Windhoek-The case of the doctor whose money was seized by the State will be heard on an urgent basis.
Livingstone David Mugimu, a Ugandan-born doctor based in the north had filled an urgent application seeking the return of N$21 million that was seized by the state for alleged tax evasion.
Last week Windhoek high court judge Hosea Angula gave an order that the doctor’s case qualified to be heard on an urgent basis and may not fall in the line of cases already on the court roll.
However, Judge Angula dismissed an application by the doctor for interim relief that will stop the State from further seizing the doctor’s money pending finalisation of his case.
In the application, Mugimu said as a result of the seizure he was unable to stock up critical expensive medication needed by his patients and furthermore is unable to pay the salaries of his five employees.
The Minister of Finance gave directives that any money that may come into any of Mugimu’s accounts was to be seized with immediate effect, after the doctor started to withdraw large sums from his accounts after being notified that an audit would be done on his finances.
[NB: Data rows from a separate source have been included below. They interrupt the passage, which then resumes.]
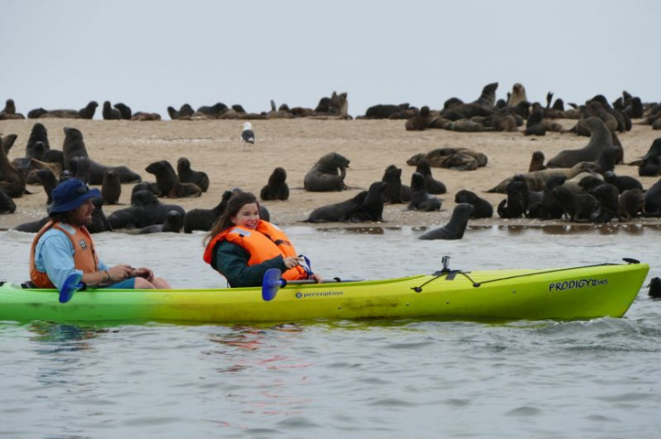 Und weil Robben die meiste Zeit im Wasser verbringen, steigen Anna und Naude in der Walfischbucht in ein Kajak. Mitten drin in der Robben-Meute, werden sie von den Tieren ordentlich nass gespritzt.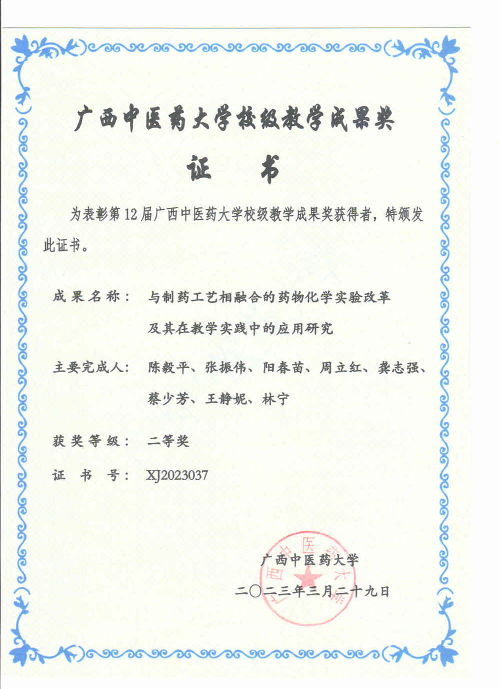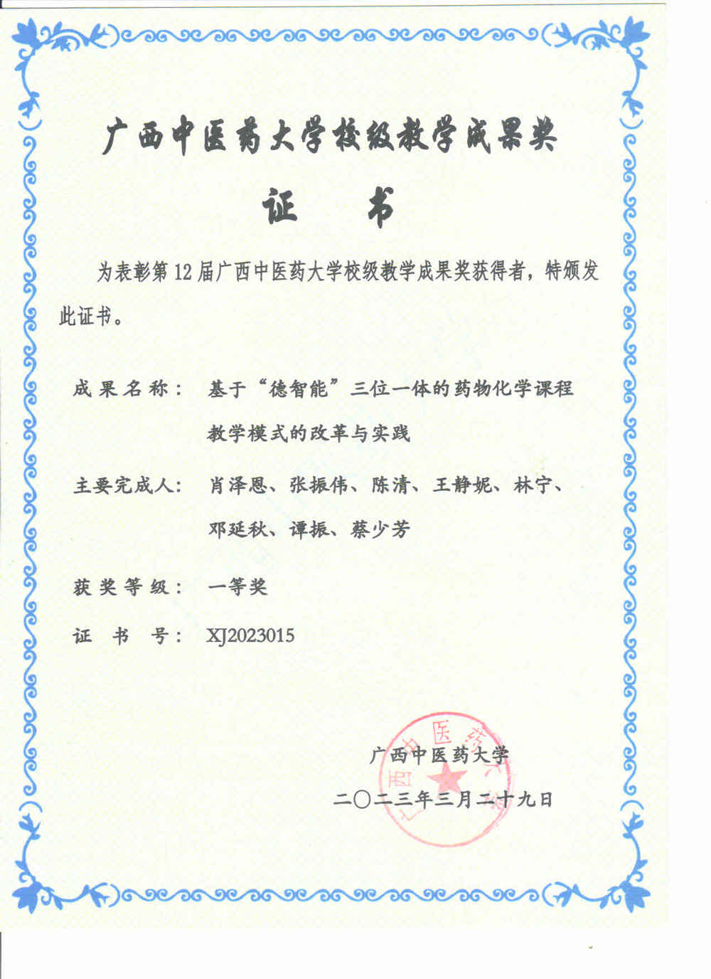 据beat365正版唯一入口必一《beat365正版唯一入口必一关于公布第十二届校级教学成果奖名单的通知》(桂中医大教评[2023]9号)文件精神,药学院药物化学教研室肖泽恩副教授主持的《基于“德智能”三位一体的药物化学课程教学模式的改革与实践》研究成果荣获一等奖,陈毅平教授主持的《与制药工艺相融合的药物化学实验改革及其在教学实践中的应用研究》研究成果荣获二等奖。此次获奖是本教研室近年来不断进行理论与实践探索的结果,将为本教研室不断提高药学应用型人才培养质量提供更加行之有效的教学经验和方法。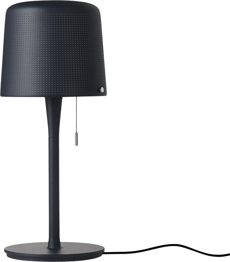 Vipp bordlampen er ideel til stuen eller soveværelset. Bordlampen er udstyret med en træksnor og en solid base der giver stabilitet. En indvendig reflektor styrer lyset lige nedad og den perforerede lampeskærm kaster et blødt lys, hvilket gør den anvendelig på sengebordet eller på en skænk.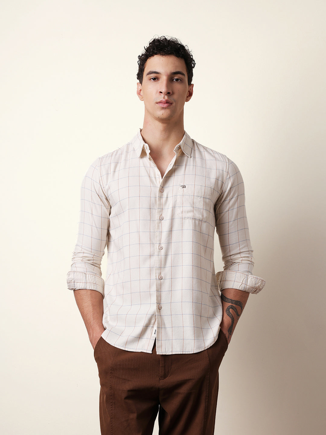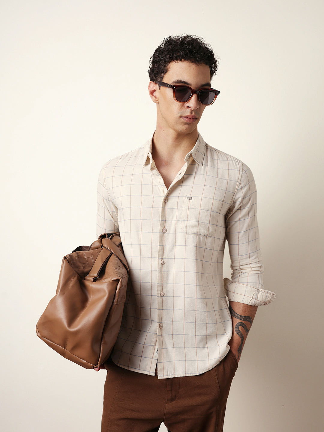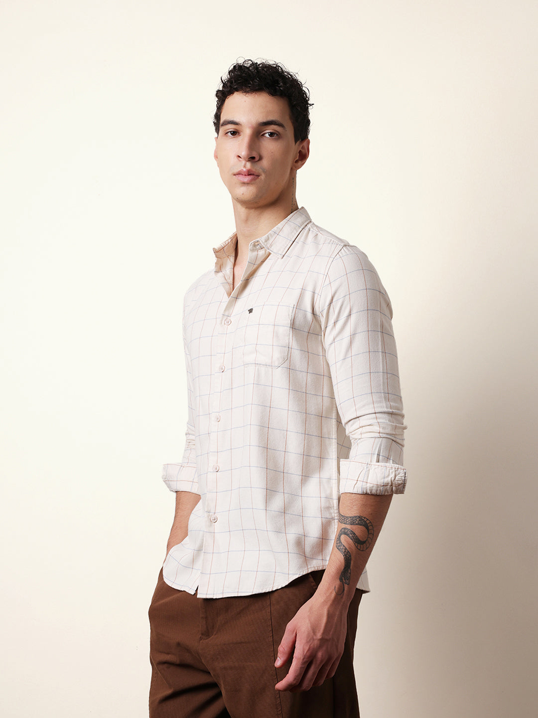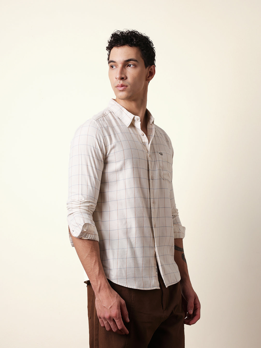 Cream Slim Fit Casual Shirt with Woven Block Checks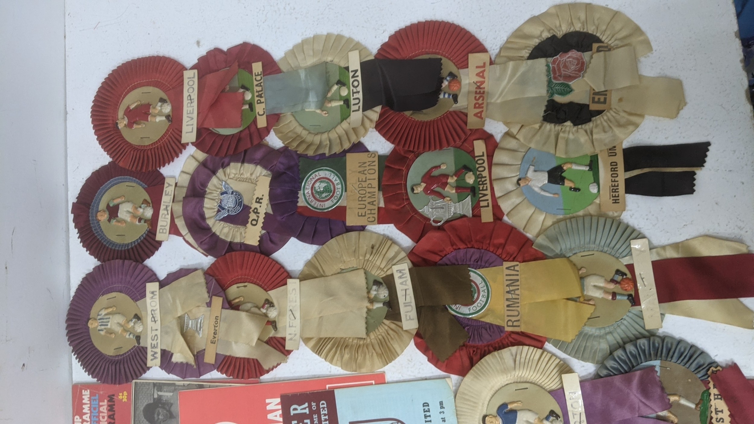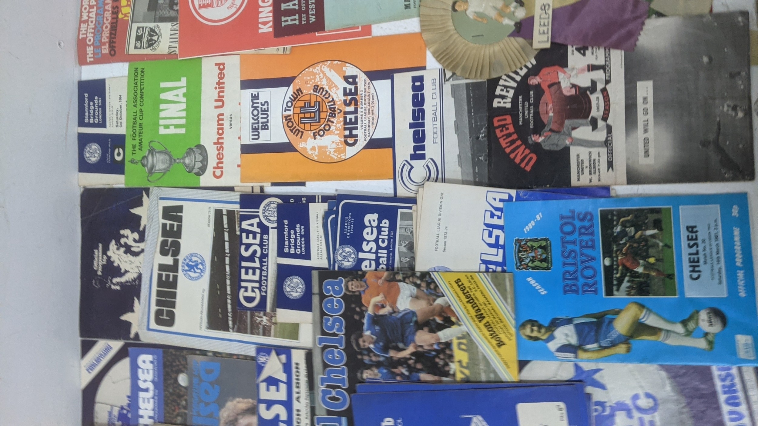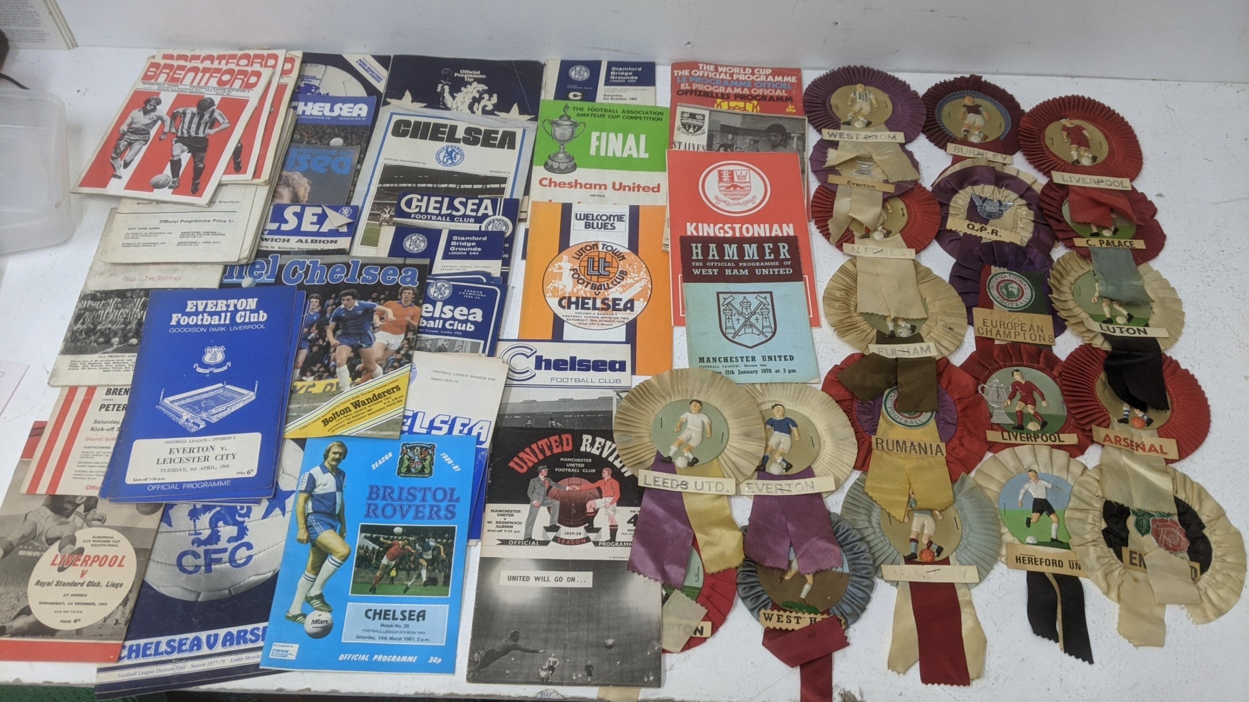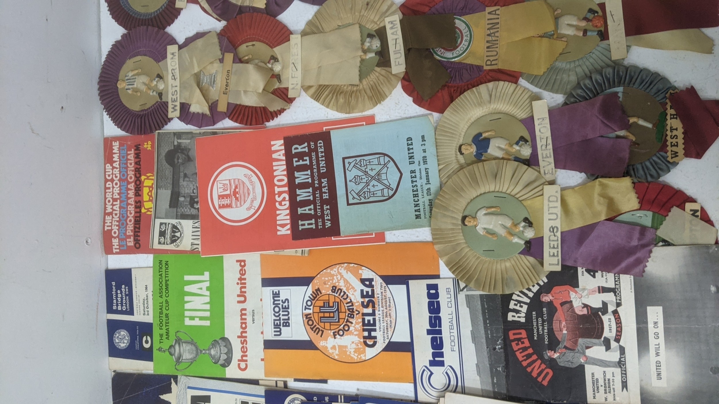 1950s and later football programmes to include Manchester United 5 March 1958, Chelsea, West Ham, Luton Town v Chelsea, Chesham v Leytonstone 1968, Kingstonian, World Cup Mexico 1970, and 1960s rosettes Location:GR

Apart from the N$21 million seized, further deductions were made by the State from Mugimu’s account. Following investigations into his income tax assessment, Mugimu was said to have defrauded the State of an amount of N$37.9 million in taxes for under-declaring his earnings between 2014 and 2016.
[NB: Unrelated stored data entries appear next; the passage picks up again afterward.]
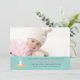 An adorable photo birth announcement perfect for an Easter-time birth featuring a white bunny hatching from a decorated Easter egg. The teal background has a tiny heart pattern. (<a href='https://www.freepik.com/free-vector/set-of-cute-easter-cards_766176.htm'>Designed by Freepik</a>). <br/><br/>The card is easy to customise with your wording, font, font colour and choice of six paper types.<br/><br/>Not exactly what you're looking for? All our products can be custom designed to meet your needs at no extra charge.<br/><br/>Simply contact us at heartfelthelper@gmail.com<br/><br/>Coordinating products available: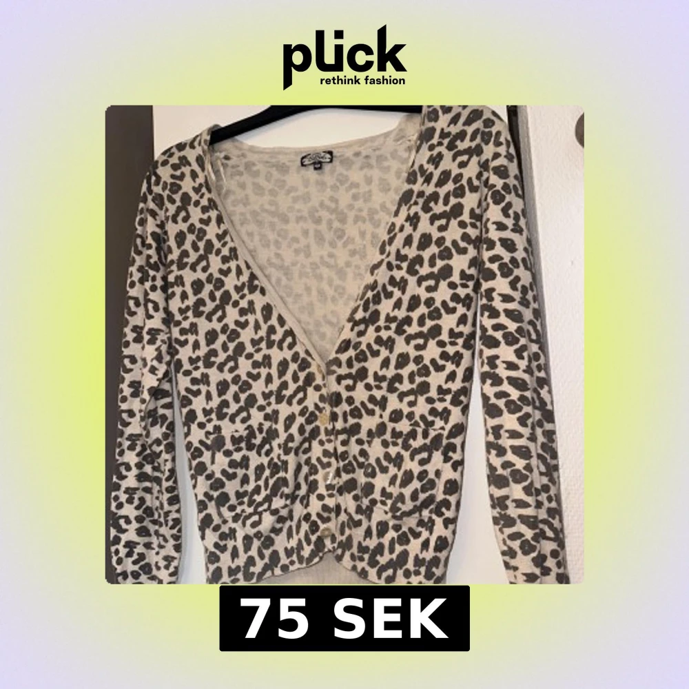 Beige kofta med svart leopardmönster. (fattas en knapp)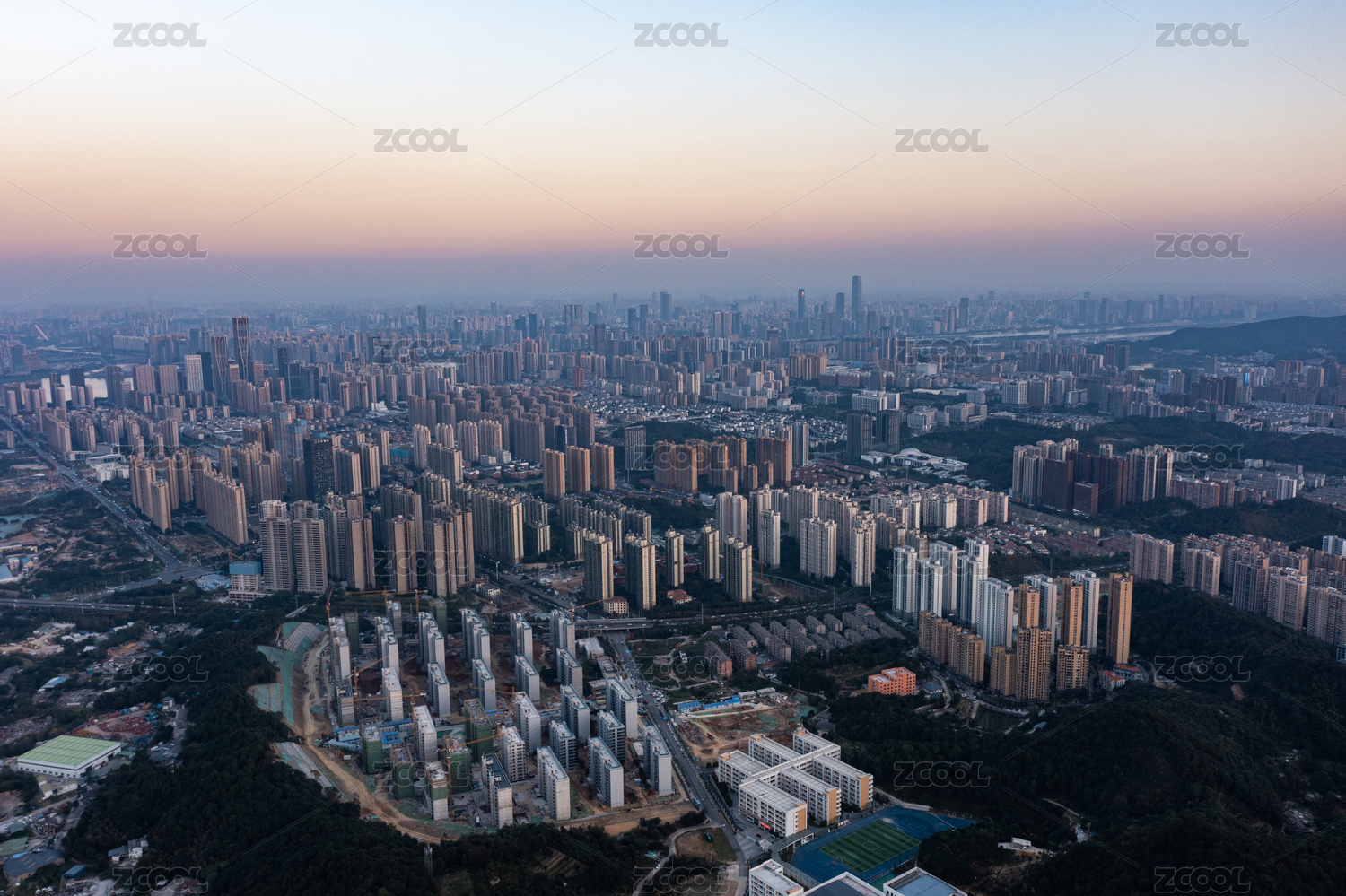 長沙谷山森林公園晚霞藍(lán)調(diào)航拍
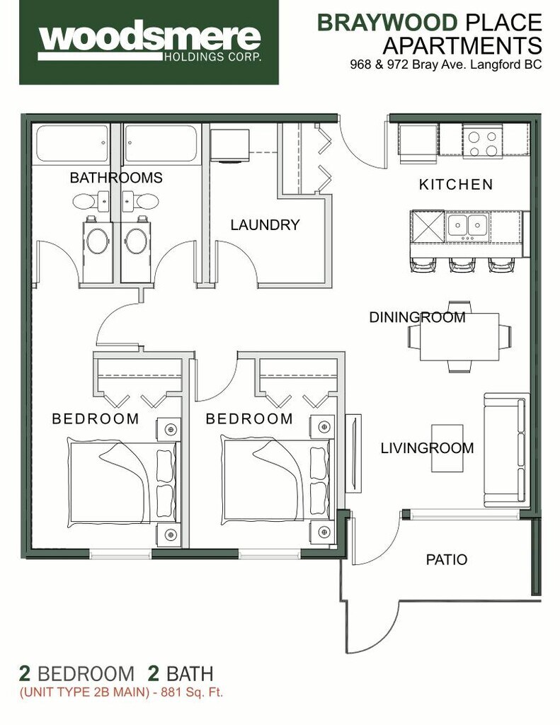 2 Beds, 2 Baths, 881 sq ftModel Gallery

“For the tax year 2017, the applicant made revenue of N$21,481,707, but he has only paid 3 percent of his tax liability,” noted Justus Mwafongwe, the commissioner of inland-revenue.
The State has lodged that Mugimu violated and continues to violate the Income Tax Act, as he has been under-declaring his annual income for tax purposes for some time.
According to responding documents filed in the high court, Muzimu had claimed more than N$26 million from the Public Service Employees Medical Aid Scheme (PSEMAS) between the period July 2015 and December 2016.
However, his self-assessment showed a huge discrepancy after he had claimed that he only earned just over N$6 million in the years under review
Based on documents filed by the Ministry of Finance, Muzimu had been under-declaring his finances and was said to owe the State N$17.7 million in unpaid taxes, with an additional fine of N$17.7 and N$2.5 million in interest, leaving him a hefty bill of N$37.9 million in taxes to be paid.
Mugimu took the minister of finance, the commissioner of inland-revenue, Bank Windhoek Limited, the Bank of Namibia and the prosecutor general to court, arguing that the five had seized his money in an arbitrary and unlawful manner.